Originally published by Maeve Allsup, Founding Reporter, Latitude Media, November 10, 2025
In the spring of 2023, the Texas Energy Fund seemed poised to deliver on its mission of jump-starting the construction of new fossil gas power plants. As the state’s answer to blackouts during Winter Storm Uri a few years prior, legislators funneled up to $9 billion via low-interest loans and grants, in a move supporters said was necessary to improve grid reliability and meet growing demand.
The idea of the TEF caters to the unique characteristics of ERCOT, which doesn’t have a capacity market, and instead uses scarcity pricing and a price cap to help projects get paid above and beyond the cost of building. That setup can mean that revenue is unstable, which deters investment in costly new plants. State intervention via the TEF, the theory goes, would spur new generation by offering financing that might otherwise be scarce.
Initially, the proposal appeared to be paying off. By the summer of 2024 the fund had received more than 70 loan applications representing over 38 gigawatts of dispatchable power generation across ERCOT. In August of last year the Public Utility Commission of Texas announced its selection of 17 projects — totaling 9.7 GW and seeking $5.38 billion in loan requests — to move into due diligence.
At the beginning of 2025, the AI-induced energy crunch was in full swing — and it was getting harder to build a new gas project. Even with state financing via TEF, getting a project ready to take on debt is onerous and time consuming, requiring land with access to gas pipelines, a willing host community, transmission and interconnection studies, and of course, equipment.
By January, the TEF project withdrawals had started. Project economics and timelines started to unravel, thanks in large part to a data center-fueled run on turbines — which have jumped in price, and are slated to keep getting more expensive and more scarce in the next five years. Ironically, many of the gas plants in the TEF financing pipeline are slated to supply massive data center campuses popping up around the state.
As of early November, at least eight projects — representing around 35% of the capacity originally proposed through the TEF loan program — have now withdrawn from the pipeline.
In January, the first project, a Corpus Christi plant to be developed by Howard Energy Partners, notified the PUC of its decision not to pursue a finalized loan. Then, in February, Engie pulled two more projects from the running, citing equipment constraints. March saw independent power producer WattBridge pull four projects from the queue, followed closely by Constellation Energy; the latter cited permitting delays and local opposition.
Each project experienced slightly different challenges, but taken together it’s clear that the math for many TEF loans just didn’t add up — despite the improved financing terms — given the market realities in Texas right now.
Meanwhile, five projects have officially finalized loans under the program to date. The latest (and largest) loan, for a 1,350 MW plant developed by Competitive Power Ventures, was finalized in early November.

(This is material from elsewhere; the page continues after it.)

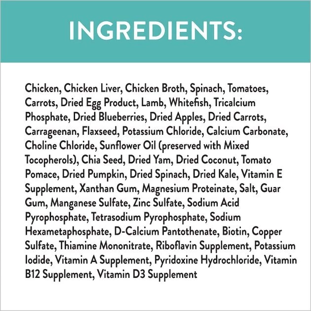 Chicken, Chicken Liver, Chicken Broth, Spinach, Tomatoes, Carrots, Dried Egg Product, Lamb, Whitefish, Tricalcium Phosphate, Dried Blueberries, Dried Apples, Dried Carrots, Carrageenan, Flaxseed, Potassium Chloride, Calcium Carbonate, Choline Chloride, Sunflower Oil (preserved with Mixed Tocopherols), Chia Seed, Dried Yam, Dried Coconut, Tomato Pomace, Dried Pumpkin, Dried Spinach, Dried Kale, Vitamin E Supplement, Xanthan Gum, Magnesium Proteinate, Salt, Guar Gum, Manganese Sulfate, Zinc Sulfate, Sodium Acid Pryophosphate, Tetrasodium Pyrophosphate, Sodium Hexametaphosphate, D-Calcium Pantothenate, Biotin, Copper Sulfate, Thiamine Mononitrate, Riboflavin Supplement, Potassium Iodide, Vitamin A Supplement, Pyridoxine Hydrochloride, Vitamin B12 Supplement, Vitamin D3 Supplement.

That project will receive a 20-year loan of $1.12 billion, 60% of the total project cost, at a 3% interest rate through late 2045.
That project, though, isn’t exactly net new generation spurred by the TEF. It first entered active development in the ERCOT interconnection queue in August 2020. Its estimated completion date at that time was the same as with the Fund’s help — 2028. And it’s not the only one: Calpine’s 460 MW plant Fairfield, Texas, which finalized a $278.3 million loan via TEF in mid-October, started construction in early 2023.
In fact, according to Brent Nelson, managing director of markets and strategy at Ascend Analytics, most of the projects that have been approved so far were in development as far back as 2020.
That means, Nelson explained, that the approved funding from TEF hasn’t gone toward any new development, “it just created cheap loans for projects that were already being developed.” That’s not to say that the fund isn’t having an impact; it may be key in ensuring those projects get over the finish line. “If you provide financing to a project that was in development, it helps ensure that project gets built,” he added. “But to say that it’s [supporting] new development just isn’t true.”
Nelson pointed to a $526 million loan granted in September to NRG Energy, the third loan finalized under the fund, as an example. The cost of that plant is around $800 per kilowatt, compared to the nearly $2,500 per kw of most projects today. NRG was able to do that, Nelson explained, because that project started the interconnection process in 2022, and already had turbines on site and ready to go. (NRG has since requested an extension for a third loan in the TEF pipeline, which isn’t yet finalized, citing “an abundance of caution.”)
NRG isn’t alone in its timeline concerns. There are around 15 projects still in the queue that have been selected for funding but haven’t finalized their loans, totaling more than 5.8 GW of capacity. By early November, at least a dozen of the pending projects had requested extra time.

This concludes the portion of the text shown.